A Reflection on Reflections

I managed to read the “Reflections on Free Will” by Daniel C. Dannett twice. This is a review of the book of Sam Harris named Free Will. I read the book twice due to the concern that I may have missed the point. Keeping in mind to not to miss the point is very essential in my point of view specially concerning this type of philosophical work. There are at least three cogent reasons for keeping in mind that the point not be missed. 1) This is a very delicate topic. On a superficial level it may sound artistic and, thus, easy to comprehend, but in reality it demands a lot of attention. 2) Sam Harris is a very elegant writer. There is no doubt about that. In as much as there might be a lot of his critics, I am sured he is admired by many due to his way of writing and the way he translates his thought process on paper (or a computer based book or blog for that matter). I also admire his writing its style and content. He poses very cogent questions at times. But there is one thing about Sam Harris’s writing style that at times it appears that he swings his whole argument.
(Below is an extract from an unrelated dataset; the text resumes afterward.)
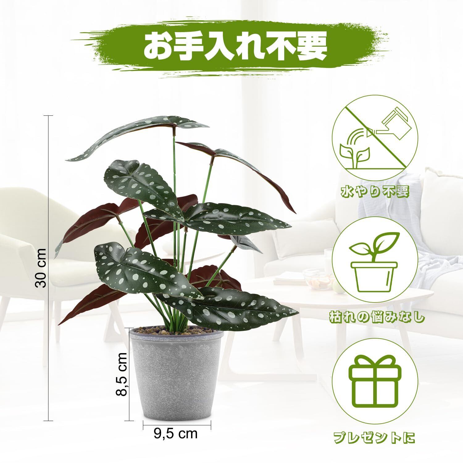 人工観葉植物 フェイクグリーン ベゴニア 2個セット 高さ30㎝ 造花 インテリア テーブル 玄関 窓側 リビング 棚 オフィス 飾り 葉っぱ ギフト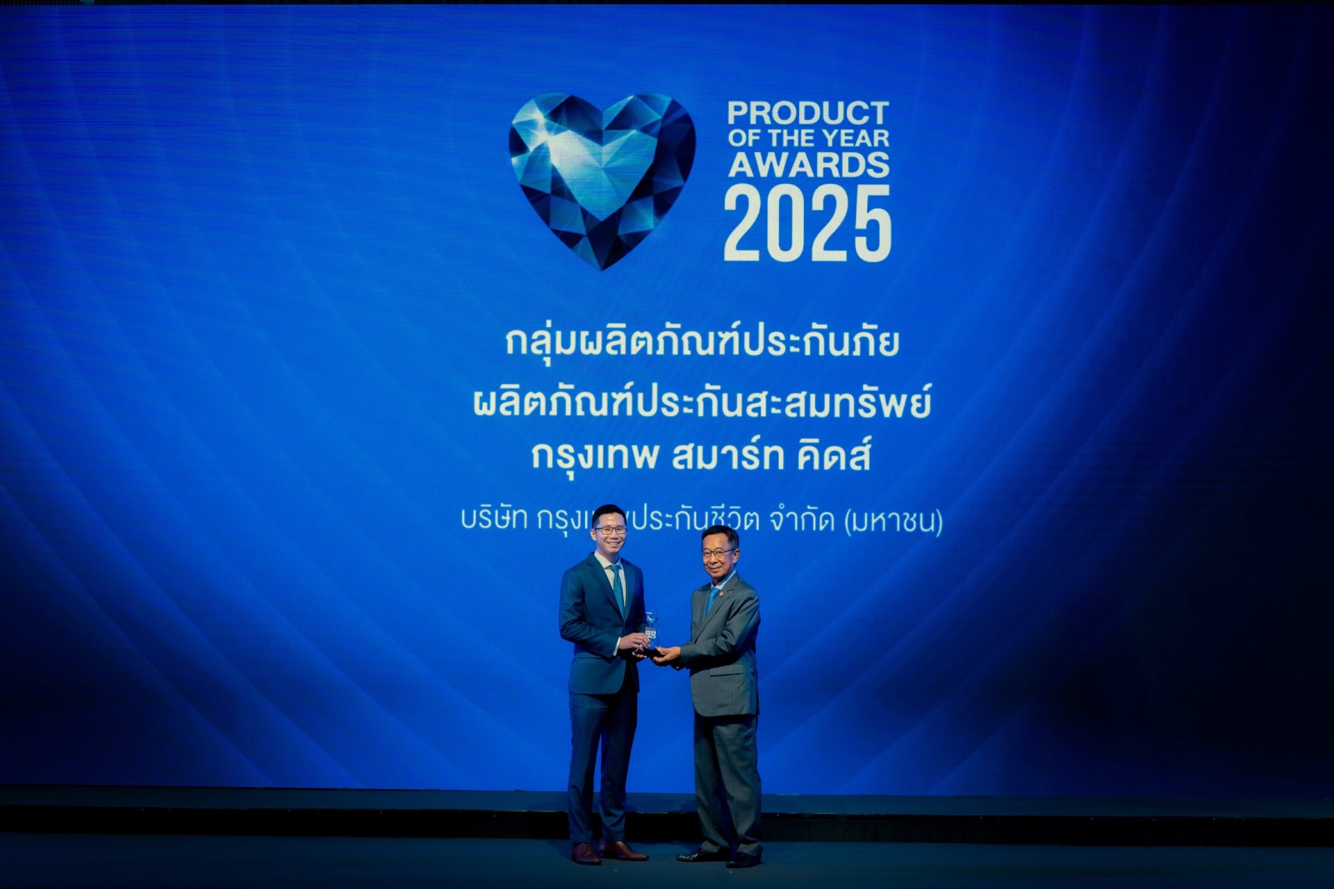 กรุงเทพประกันชีวิต ตอกย้ำความสำเร็จจากผลิตภัณฑ์ประกันสะสมทรัพย์ “กรุงเทพ สมาร์ท คิดส์” ที่สามารถคว้ารางวัล “Product of the Year Awards 2025” ในงานมอบรางวัลสินค้าและบริการแห่งปี 2568 “BUSINESS+ PRODUCT OF THE YEAR AWARDS 2025” ภายใต้แนวคิด “Reaching for the Hearts เข้าถึงใจผู้บริโภค” เพื่อยกย่องและเชิดชูเกียรติให้แก่ผลิตภัณฑ์และบริการที่ได้รับความนิยมจากลูกค้าแห่งปี 2568 ที่ผ่านการวิจัยและวิเคราะห์จากคณะกรรมการผู้ทรงคุณวุฒิ และผ่านการโหวตคัดเลือกจากผู้บริโภค จัดโดย นิตยสาร Business+ ร่วมกับ วิทยาลัยการจัดการ มหาวิทยาลัยมหิดล โดยมี นายทรงพล ปรีดาวุฒิ ผู้อำนวยการอาวุโส ฝ่ายพัฒนาและบริหารผลิตภัณฑ์ บริษัท กรุงเทพประกันชีวิต จำกัด (มหาชน) (ซ้าย) ขึ้นรับรางวัลจาก นายนุรักษ์ มาประณีต องคมนตรี (ขวา) ที่ได้ให้เกียรติเป็น ประธานในพิธี ณ โรงแรมสวิสโฮเต็ล กรุงเทพฯ รัชดา เมื่อเร็วๆ นี้

He moves his discourse in a sort of a spiral and comes back to square one. One may really wonder at that instant on as to what is his point. That is why I believe that it is very important to re-read and to try to fully understand what he has really written and implied. Pun not intended! 3) Sometimes we can be shallow readers. Our not too good reading comprehensions, short attention spans, lack of focus, time varying interest, and dwindling energy can actually play a role in us missing the whole point altogether in an otherwise such an engaging and lengthy discourse. 
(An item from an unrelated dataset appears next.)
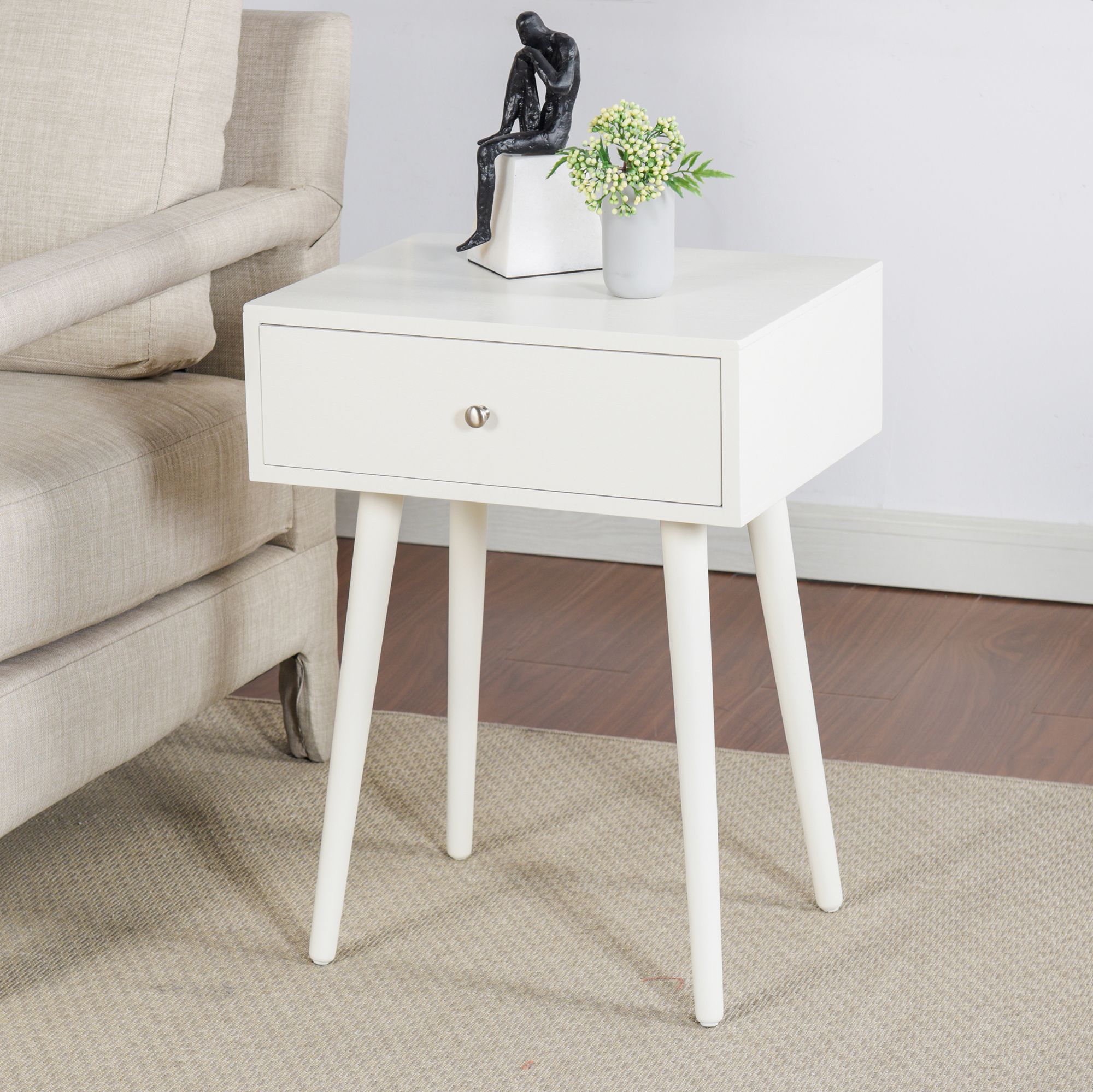 Arthur 23.5" High Farmhouse White Side Table with One Drawer

However, reflections has been written by Daniel C. Dennett and not by Sam Harris. And this one is actually not very confusing. In reality it really demystifies many of the conceptual caveats one may have about the subject of Free Will (while possibly creating others in the form of various esoteric thought experiments or whatever). So the point number 2 (among the 3) listed in the above paragraph might not really hold true in this case. However, since reflections on free will is actually a reflection of the work of Sam Harris, point 2 might begin to hold true to some extent for this book as well.
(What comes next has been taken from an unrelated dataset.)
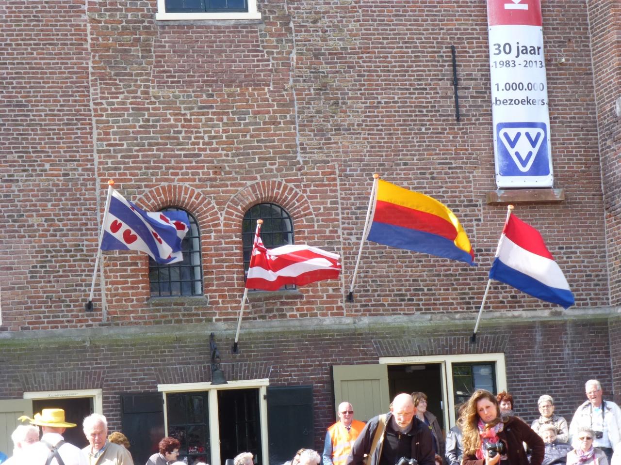 オランダフリースラント州の旗が、青と白のストライプに赤いハートのかわいい旗でした。

So what is reflections really all about. Reflections refutes the argument of Sam Harris that free will is an illusion. What Daniel argues about is that we human beings really have free will. This is the whole idea of this book. However, I was interested in understanding the subject in a bit more detail and on a deeper level. I was interested in understanding if there is something really deep about the subject of free will. And indeed there are a few really deep things about the subject of free will. I shall point out three things here that I came across in the book for the purpose of brevity. The real purpose in writing this (sort of a) summary is to create a stub about the subject so that I can revisit it latter at some stage for my own perusal, at least. In what follows, I am trying to write my concerns from memory. The reason for this is that I am already trying trying to struggle with other distractions as I am writing this.
The first thing I have noticed and I find worth commenting and contemplating about has something to do with the mention of immaterial souls. In the start of reflections, Daniel tries to defend the position of Sam Harris by somewhat suggesting that when he asserts that human do not have free will, his theory applies to our immaterial souls. And since we do not have immaterial souls (and since we are just lumps of biochemicals), the theory does not apply to us. This is what I have inferred at least. I admit that I could be wrong. My understanding could be flawed. Specially since I am writing this from memory and I do not have the draft of reflections opened in front of me. My concern is that irrespective of the fact that we have immaterial souls or not, what would be the repercussions of applying a similar scrutiny that whether we have free will or not if we actually had immaterial souls.

The second aspect about the book is the spectrum of various positions we can assume between free will and determinism. I have still not really understood the deep meanings of various positions such as combatilism, incombatilism etc. I do understand that combatilism implies that determinism and free will are compatible; both of them can exist (I wonder if exist is the right word) at the same time. Incombatilism is the converse. It means if free will can happen, determinism is false and vice versa. The problem is that it is really important to deeply understand these notions.

The third is the understanding of free will. The position Sam assumes is that free will is an illusion. That I have decided to read about free will. That I may have wondered at some stage on as to what it really means to have free will. That I eventually managed to find some thinkable reading material on it. Eventually I am writing about free will now. According to Sam’s framework, I was not really free in choosing to come up to this point. According to Sam, there must have happened events in my life that were beyond my control that may have urged, motivated or influenced me to do all of this. For instance, I may have been impressed by philosophy at some stage. And at some stage prior to that I may have been told that philosophy was an enterprise worth getting impressed about. Daniel has argued that this does not imply that we do not have free will.